De indruk zou kunnen bestaan dat u zich tot mij richt. Ik ben uitvoerder van de wil van de Kamer en de Kamer heeft besloten het debat te voeren.

De heer Van Gerven (SP):

Allereerst vind ik dat de afgevaardigde van de VVD de Kamer ernstig tekortdoet. De fracties die wel aanwezig zijn om het debat te voeren, vertegenwoordigen een behoorlijke meerderheid van de Kamer. Daarnaast betoogt de heer Mulder dat het debat overbodig is. Hoe durft hij? 94% van de huisartsen heeft signalen dat mensen afzien van zorg vanwege het eigen risico. Het debat is dus niet overbodig, maar veel te laat.

De heer Anne Mulder (VVD):

Ik wil twee dingen zeggen over het schofferen van de Kamer. We kennen in de Kamer het fenomeen "dertigledendebat". Het is niet zo dat een debat alleen gevoerd wordt als een meerderheid dat wil, maar ook als dertig leden het willen. We hebben meer dan 30 dertigledendebatten op de lijst staan. We kunnen de Hofvijver ermee dempen, zo veel debatten vragen we aan. Laten we dan de debatten kiezen die er echt toe doen.

Het onderwerp is belangrijk. Daarom doet de minister juist die evaluatie. Maar de evaluatie is nog niet klaar, dus waar praten we over? Natuurlijk moet je signalen van huisartsen serieus nemen. Je moet echter ook goed kijken hoe het precies zit. Dat gebeurt in de evaluatie. Het onderwerp is belangrijk, maar dit debat is ontijdig en daarom niet nodig en zonde van de tijd.

De heer Van Gerven (SP):

Ik ben het eens met de heer Mulder dat het onderwerp ontzettend belangrijk is. Dan zijn we het in ieder geval daarover eens. Weet u waarom dit debat gevoerd wordt? Toen het aan de orde was, toen het naar buiten kwam, inderdaad vier maanden geleden, bagatelliseerde de minister het. De SP-fractie vond het echter belangrijk en zei: luister, dit kan niet gebagatelliseerd worden, want het gaat om een grondrecht, namelijk toegang tot zorg voor iedereen; hierover moeten we dan maar weer opnieuw het debat voeren. Het was dus zeer legitiem en terecht. Ik hoop dat wij dit debat in alle eerlijkheid en felheid opnieuw voeren om een stap verder te komen teneinde het eigen risico af te schaffen.
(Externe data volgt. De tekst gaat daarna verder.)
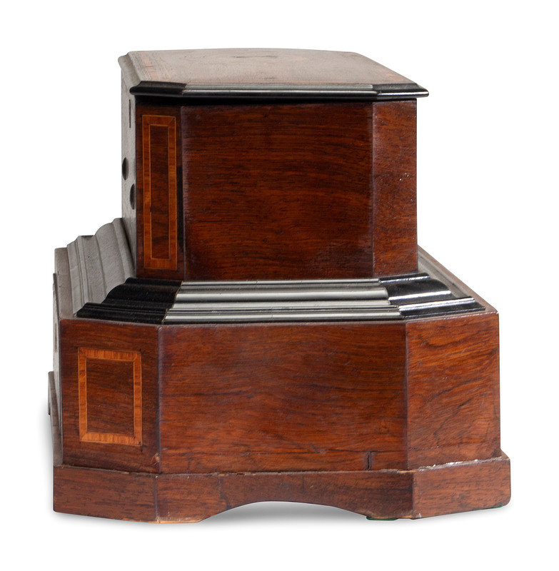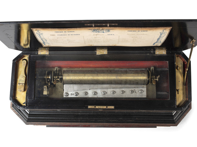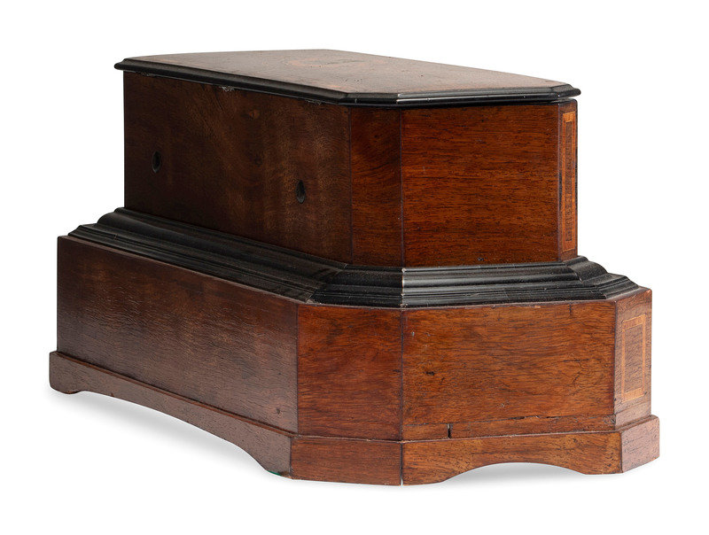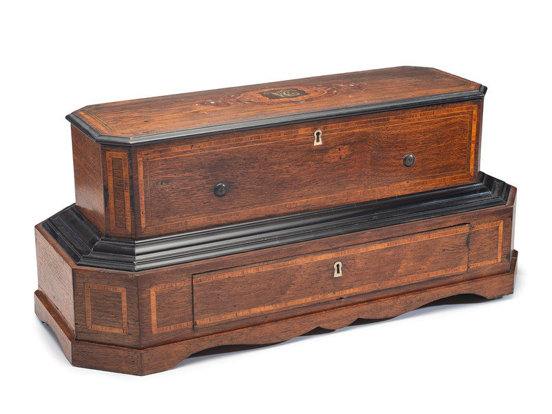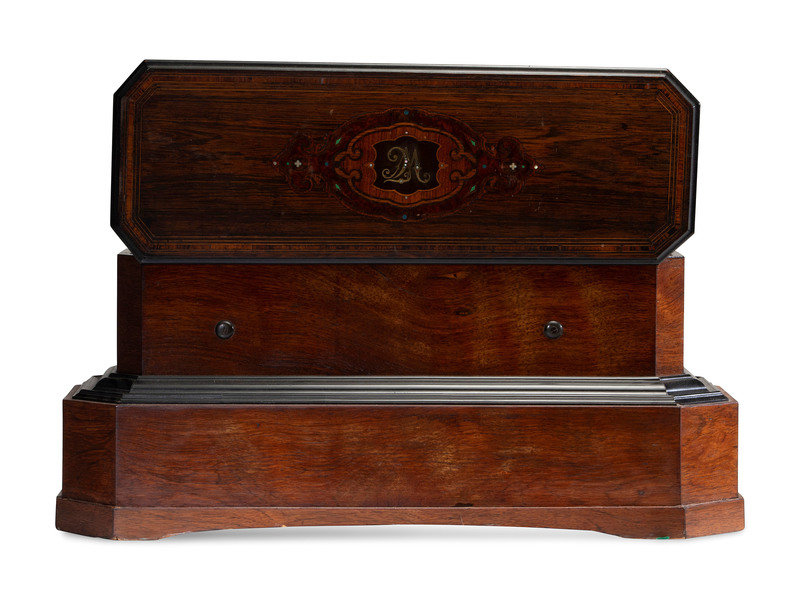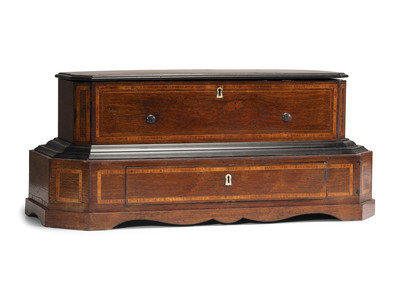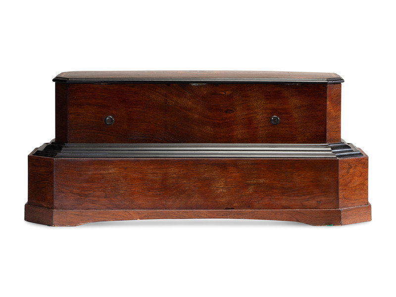 A Swiss Inlaid Mahogany Three-Cylinder Music Box

Waar ligt voor de VVD de grens als het gaat om het verhogen van het eigen risico versus de toegankelijkheid tot zorg?

De heer Anne Mulder (VVD):

Als de minister dit werkelijk bagatelliseert, zou zij natuurlijk nooit zo'n grote evaluatie houden. Het is dus klets dat de minister dit bagatelliseert. Waar ligt de grens, is de vraag. Dat is precies wat je moet bekijken. We gebruiken het eigen risico als een soort remgeld, zodat mensen niet te snel naar de arts gaan en ze kostenbewust zijn. Tegelijkertijd mag het geen te hoge drempel worden. Internationaal gezien zijn de eigen bijdrages en het eigen risico in Nederland de laagste van Europa. Je moet bekijken wat je kunt doen. Deze evaluatie kan goed helpen bij het bepalen waar de grens moet liggen. Ik constateer dat wij een van de laagste, zo niet de laagste eigen bijdrage van het Europees continent hebben.

Mevrouw Klever (PVV):

Dit kabinet zorgt ervoor dat mensen geen geld in hun portemonnee overhouden; lastenverzwaring op lastenverzwaring en dan vervolgens ook nog een hoog eigen risico. Als alle seinen op rood staan, als zelfs de Landelijke Huisartsen Vereniging aan de bel trekt — "de crisis stormt de spreekkamer binnen" — dan vind ik het nogal arrogant van de heer Mulder om te zeggen dat dit debat overbodig is.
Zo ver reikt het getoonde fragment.